The Olympics celebrate PHYSICAL PROWESS. Chess does not, regardless how you want to twist mental stamina.
However, certain drugs will affect one's mental stamina and the "sport" needs to address that. It would be safer to say what is allowed, like caffeine and nicotine, say, instead of listing what is not allowed.
1. whatever they recently did to this website that forces it to reload the page and remove your blog entry automatically needs to be rolled back.
2. steve: what qualities must an activity possess to be called a sport?
3. The notion that mental stamina is not directly linked to physical stamina is ridiculous. As a physically fit member of the cognitive elite, I can say from experience that the most physically challenging events I've ever encountered in my life have been prolonged bouts of concentration, be it over a chess board, in a 3-hour final exam, or a week-long technical training course.

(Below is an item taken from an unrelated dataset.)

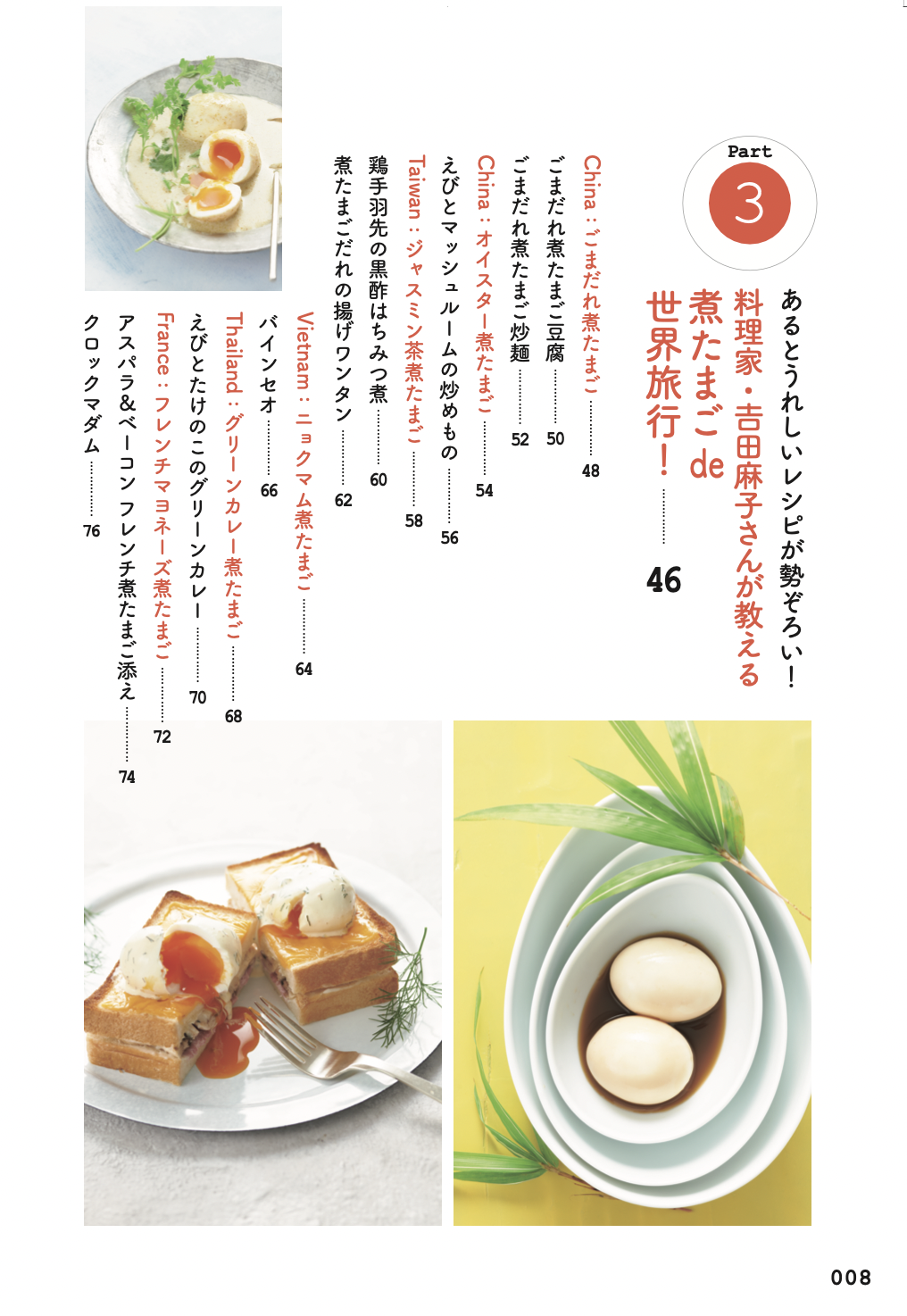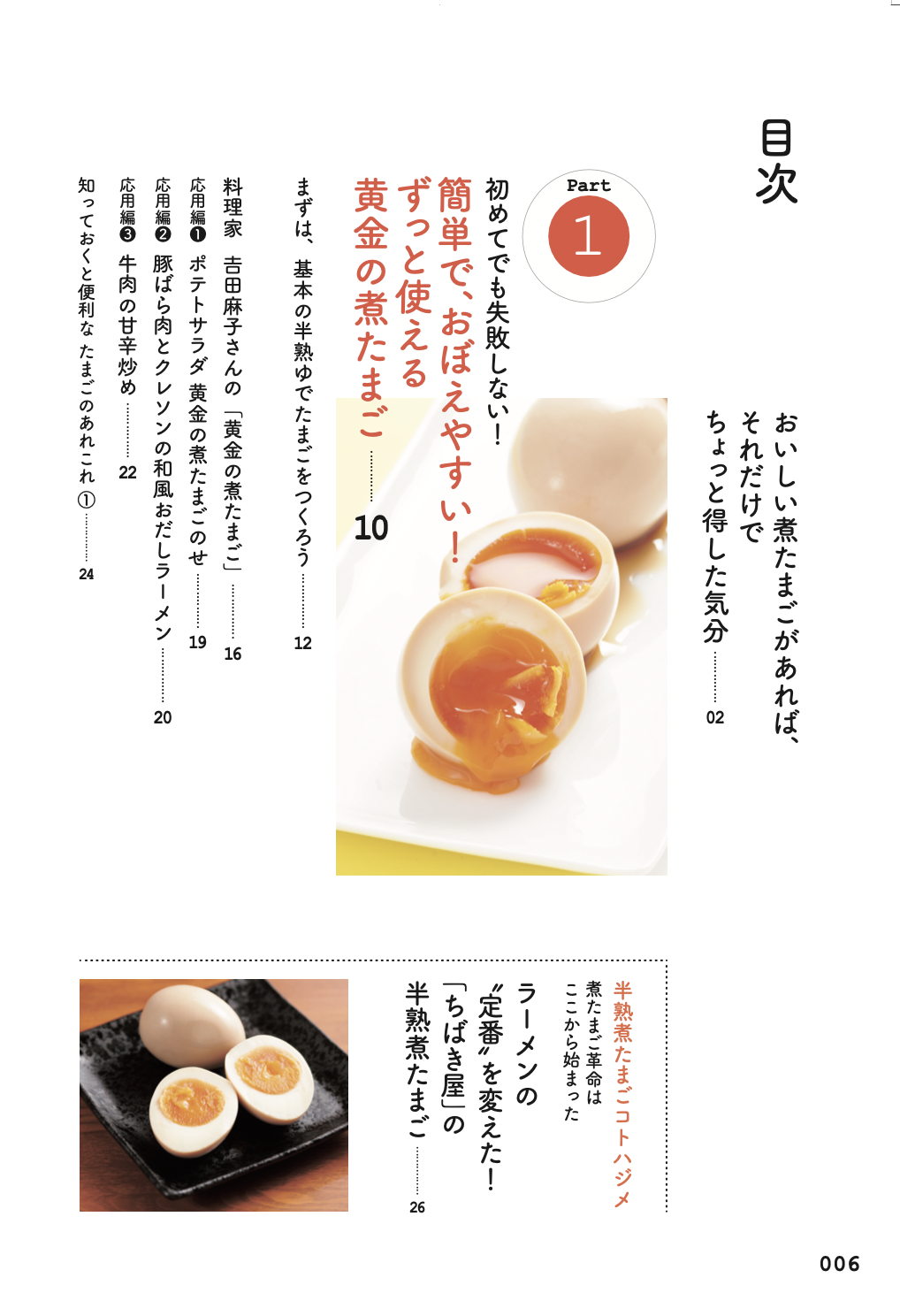 誰でも簡単に作れて、やみつきになること請け合いの「黄金の煮卵」レシピから、ラーメン屋店主・バーのマスターやミシュラン二ツ星シェフまで名だたる料理人が本書の為に考案した、とっておきの煮卵&アレンジレシピ、さらには厳選された世界各国のアレンジレシピも多数収録。

That said, I don't believe the olympics will give the chess world, and FIDE in particular, what it wants. One more high level chess tournament every four years won't raise chess awareness at all. This is a political ploy on the part of FIDE to try to make itself more relevant, and has nothing to do with making chess more relevant. If FIDE were to cease to exist tomorrow and there was no concept of a chess world champion, the game itself would live on, and be played at the highest levels, as it did in the days of Morphy.
one other thing: if the IOC chooses to make chess a sanctioned sport, then the same should be done for the special olympics.